Totò Riina è morto all'alba del 17 novembre 2017, alla fine il suo fisico devastato dalle tante patologie non è riuscito a sopportare gli ultimi due interventi chirurgici ai quali era stato sottoposto. Già nella giornata del 16 novembre (il giorno del suo 87esimo compleanno), quando è stato permesso ai familiari di stargli vicino, era evidente che la vita di uno dei criminali più temuti e spietati della storia d'Italia fosse ormai giunta al capolinea.

Si è dunque spento a Parma, nel reparto dell'ospedale riservato ai detenuti: non entriamo nel merito di una morte ormai annunciata da mesi, considerato che le sue condizioni di salute erano precarie da tempo, e nemmeno delle polemiche dei mesi scorsi quando era stata ventilata la possibilità di concedergli i domiciliari per consentirgli di trascorrere a casa gli ultimi mesi di vita. Riina non era un detenuto come gli altri ed in tal senso la Direzione Nazionale Antimafia non ha mai avuto dubbi: era ancora lui il capo dei capi della mafia siciliana, nonostante fosse ormai relegato al ruolo di un vecchio monolito, ingombrante anche per la stessa organizzazione criminale.

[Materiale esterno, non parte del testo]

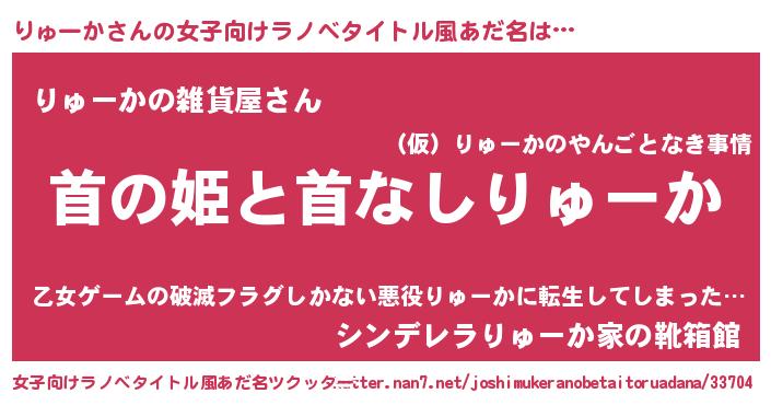 | 男性向けラノベタイトル風あだ名 | 『はたらくりゅーかさま!』 |

Ora che l'anziano boss corleonese è morto a poco più di un anno di distanza da Bernardo Provenzano, c'è l'eventualità inquietante che all'interno di Cosa Nostra possa aprirsi una nuova scalata verso i vertici: sempre che esista ancora una 'Cupola' come quella descritta da Tommaso Buscetta nel famoso maxiprocesso. Con la morte dell'ultimo 'padrino' viene archiviata una delle pagine più sanguinose della storia del Paese e, con essa, anche i tanti misteri che la circondando e che adesso saranno sepolti per sempre con Riina.

L'ascesa criminale

Sulla carriera criminale di Totà Riina esistono interminabili atti processuali che sono stati trasformati in un libro ed anche in una fiction televisiva di successo.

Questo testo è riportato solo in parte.